I believe this is a perfectly acceptable use of the word 'respectable'. Yet nothing about it entails building a temple in John's name and making offerings to him.
It is in this sense that I speak of respecting the world's cultures. Hope that helped clear up some doubts.
Why not give this vid some English subtitles or dub it in English for the benefit of those who know only English? Why limit yourself to a Chinese audience?
Abusive parents have abusive children. This cycle needs to be broken. Confucius talks about the duty of the both the parents and children to each other. Maybe this is a bit complicate to you because you never really sat down and reflect why things happened and critically think about what people say.
The Master said: I have no secret science. When an ignorant man asks me about something, no matter how shallow the question is I try to inform him the best I can, exhausting the topic in all its aspects.

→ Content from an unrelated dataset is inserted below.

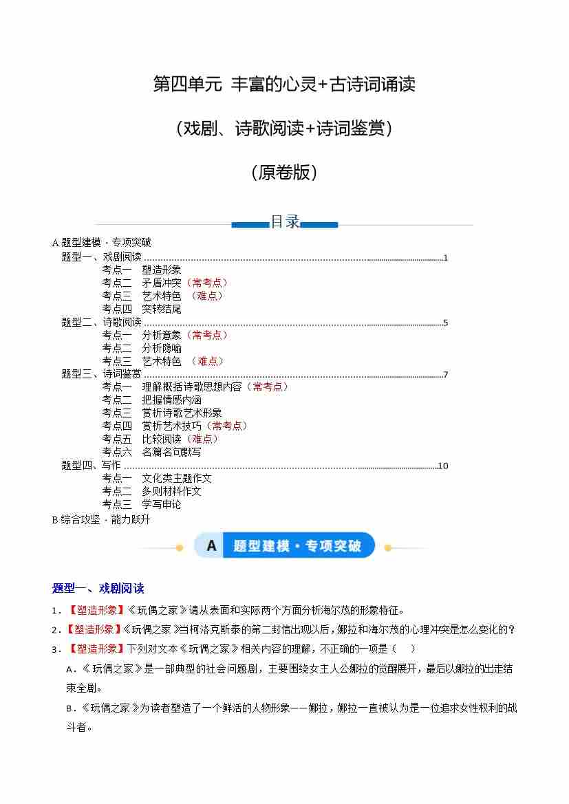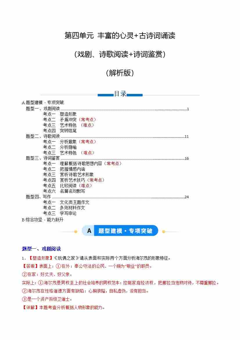 第四单元 丰富的心灵(含古诗词诵读)(专项训练)(教师版)

being respectful, first u hav to know it? some people just dont know, though no folt of ther one. saying such a thing is not respecful, i hope u know europeans and asians first so u can rlly say wht u mean?
yes i know it, europeans also dont respect asian culture, they deserve no respect either, always joking with chinese, and show no respect to them, it was thank Huo Yuan Jia that china has gain some respect but even now china is being joked by the other european people
who r you to say such a thing yr been total out of order, europeans do respect one another and other people around the world, i live in the UK and we do not laugh at china we admire it, if you want the truth we fear china!
in UK marx didnt respect china culture, you should study the story of asian and europe, i've studied at all and not only europeans but occidentals people joke with the asian people culture and traditions, ok probably some do respect but some of them are evil
i've heard a story about him that i dont remember well about it, it was a bout karl marx didnt like the chinese culture and wanted to change it to european culture, i mean he wanted to steal chinese culture to put the european one
first of all Karl Marx was Prussian or today German and he said that communism was good and he serported it I realy dont get what your trying to get at?
communism good? you dont know nothing about communism, the CCP in china is causing much trouble, turning china into a nightmare, but i think it was because of that bastard that the communism ideas had come to china, communism is evil
oww cool i fort becuz u lived in china tht u liked communism i didnt want to up set you or anything but thts nice to know tht thers some people in china tht dnt like communism, but china isnt communism we see it has a dictatorship, with captilism to make it work and i do now about communism thanks for the presomption.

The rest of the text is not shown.